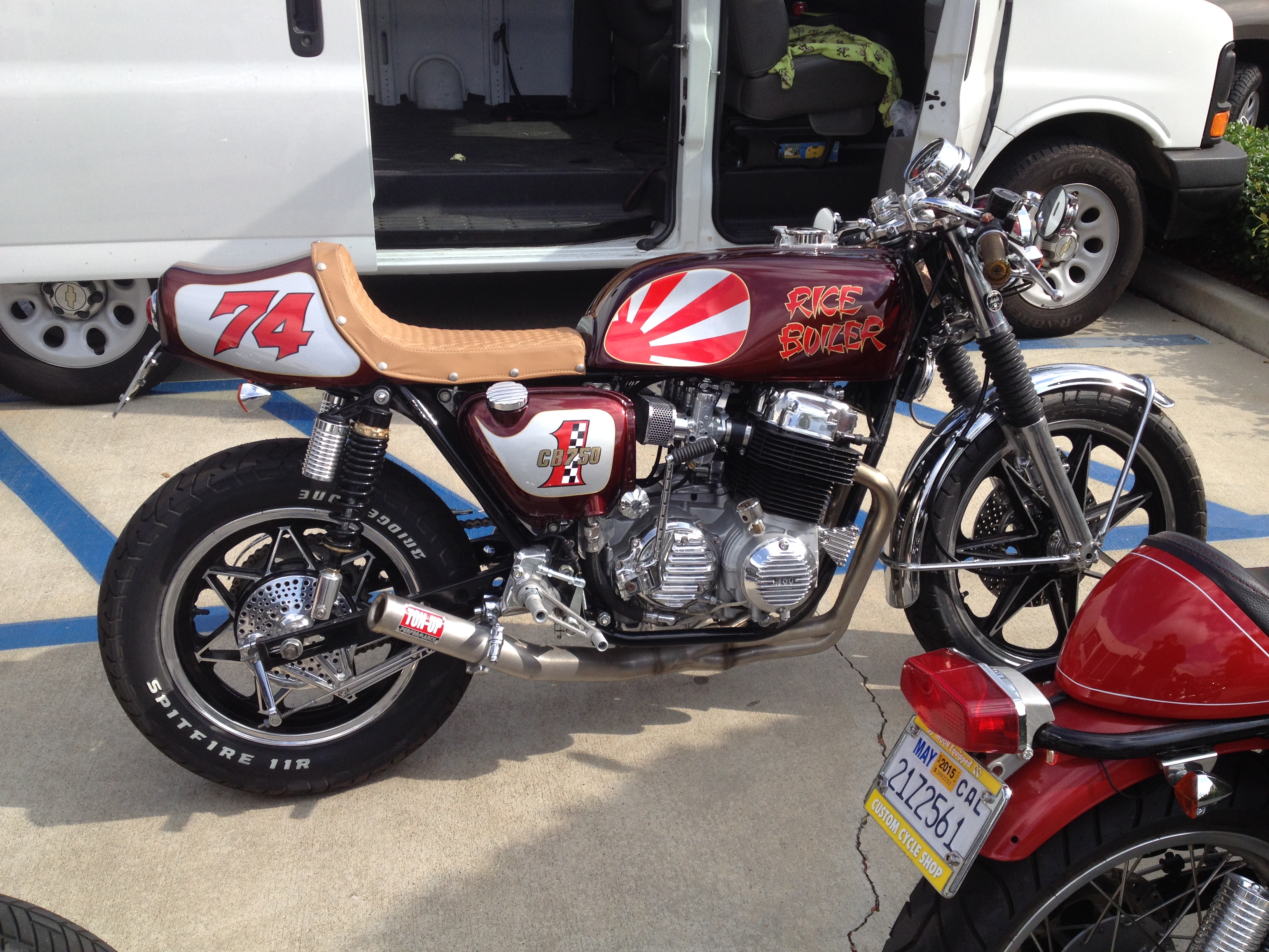 Guess this to be a 74 Honda CB 750 customised as the “Rice Boiler”
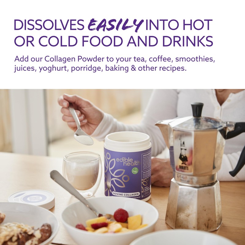 - EASY, CONVENIENT AND FLEXIBLE TO USE: Our pure bovine collagen powder dissolves easily into hot or cold food and drinks. Unlike sachets with fixed servings, fixed tastes and artificial flavours and sweeteners, you can add our powder to your own tea, coffee, smoothies, juices, yoghurt, porridge, broth, baking or other recipes to suit your tastes and lifestyle. We recommend taking 13 grams a day, but you can adjust this to suit your personal health, fitness or medical requirements.
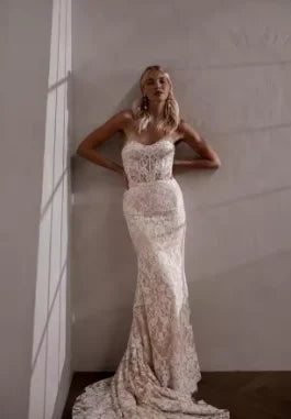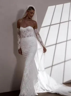 Charming Removeable Sleeves Sweethart Full Lace Mermaid Wedding Dresses Sweep Trian Custom Made Bridal Grown Vestido De Noival
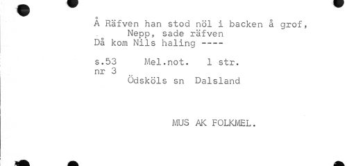 //// ° o //// A Räfven han stod nöl i backen a grof, //// Nepp, sade räfven Då kom Nils haling --- //// s.53 Mel-not. 1 str. nr 3 //// » //// Odsköls sn Dalsland //// MUS AK FOLKMEL. ////
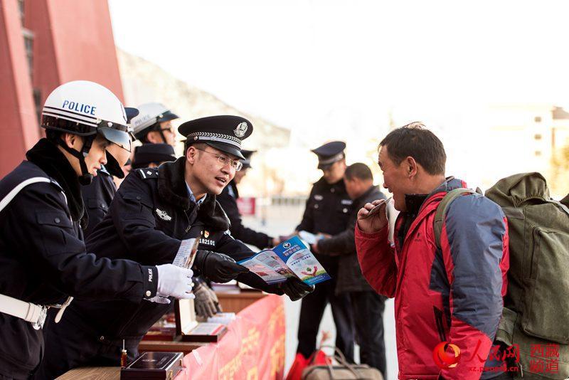 春運首日,拉薩鐵路公安處干警為旅客群眾做好事達800余件,為旅客解答問題3000余次,發(fā)放春運各類宣傳資料3000余份,全力打造“平安、有序、溫馨”的春運環(huán)境。圖為拉薩鐵路公安處民警為旅客講解禁毒常識。圖片來源:人民網(wǎng)

Task to complete
In the listing above, find the line with "- EASY, CONVENIENT" and output it and every line after it up to and including the line with "Charming Removeable Sleeves", exactly, minus the pictures.

Worked solution
 - EASY, CONVENIENT AND FLEXIBLE TO USE: Our pure bovine collagen powder dissolves easily into hot or cold food and drinks. Unlike sachets with fixed servings, fixed tastes and artificial flavours and sweeteners, you can add our powder to your own tea, coffee, smoothies, juices, yoghurt, porridge, broth, baking or other recipes to suit your tastes and lifestyle. We recommend taking 13 grams a day, but you can adjust this to suit your personal health, fitness or medical requirements.
 Charming Removeable Sleeves Sweethart Full Lace Mermaid Wedding Dresses Sweep Trian Custom Made Bridal Grown Vestido De Noival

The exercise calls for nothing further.